As might be clear from the foregoing, the three major organizations that make up the enterprise are AFC, ASA(ALT) and AMC. Other major commands that are involved in the process are the U.S. Army Test and Evaluation Command, the U.S. Army Corps of Engineers, U.S. Army Forces Command and many others. We didn’t put them in for the sake of simplicity.
Acquisition has layers of complexity that are also not depicted. Looked at one way, the acquisition career fields that DAWIA mandates offer a window into those layers. Contracting, program management, engineering, business financial management, life cycle logistics, and test and evaluation are just a few of the layers, each with different imperatives and different work.
So big is Army acquisition that it begins to resemble an infinite coast in the coastline paradox. That paradox has it that the closer you try to measure a coastline, the longer it gets. A coastline is an obviously finite thing, but just how finite depends on how you look at it. Still, it’s not hard to find the beach.
That’s a lot like Army acquisition—the closer you try to look at it, the harder it gets to understand. But everyone knows where the beach is. And, if it were easy to understand, we wouldn’t need Defense Acquisition University.
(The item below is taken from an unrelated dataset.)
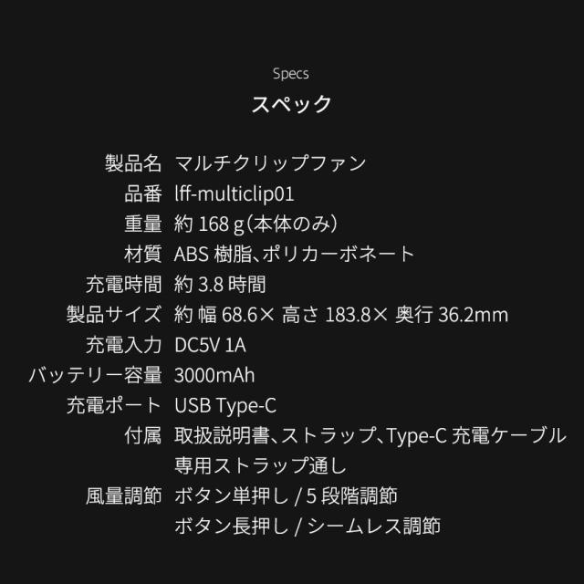 | 製品名:Lafuture マルチクリップファン 品番:lff-multiclip01 重量:約168 g(本体のみ) 充電時間:約3.8 時間 製品サイズ:約 幅68.6×高さ183.8×奥行36.2mm 充電入力:DC5V 1A バッテリー容量:3000mAh 充電ポート:USB Type-C 風量調節:ボタン単押し/ 5 段階調節、ボタン長押し/ シームレス調節 材質:ABS樹脂、ポリカーボネート 色:サンドベージュ・ミントブリーズ・フロストグレー 商品内容:本体・取扱説明書、ストラップ、Type-C 充電ケーブル、専用ストラップ通し |

STEVE STARK is senior editor of Army AL&T magazine. He holds an M.A. in creative writing from Hollins University and a B.A. in English from George Mason University. In addition to more than two decades of editing and writing about the military, science and technology, he is, as Stephen Stark, the best-selling ghostwriter of several consumer health-oriented books and an award-winning novelist.
This article is published in the Winter 2020 issue of Army AL&T magazine.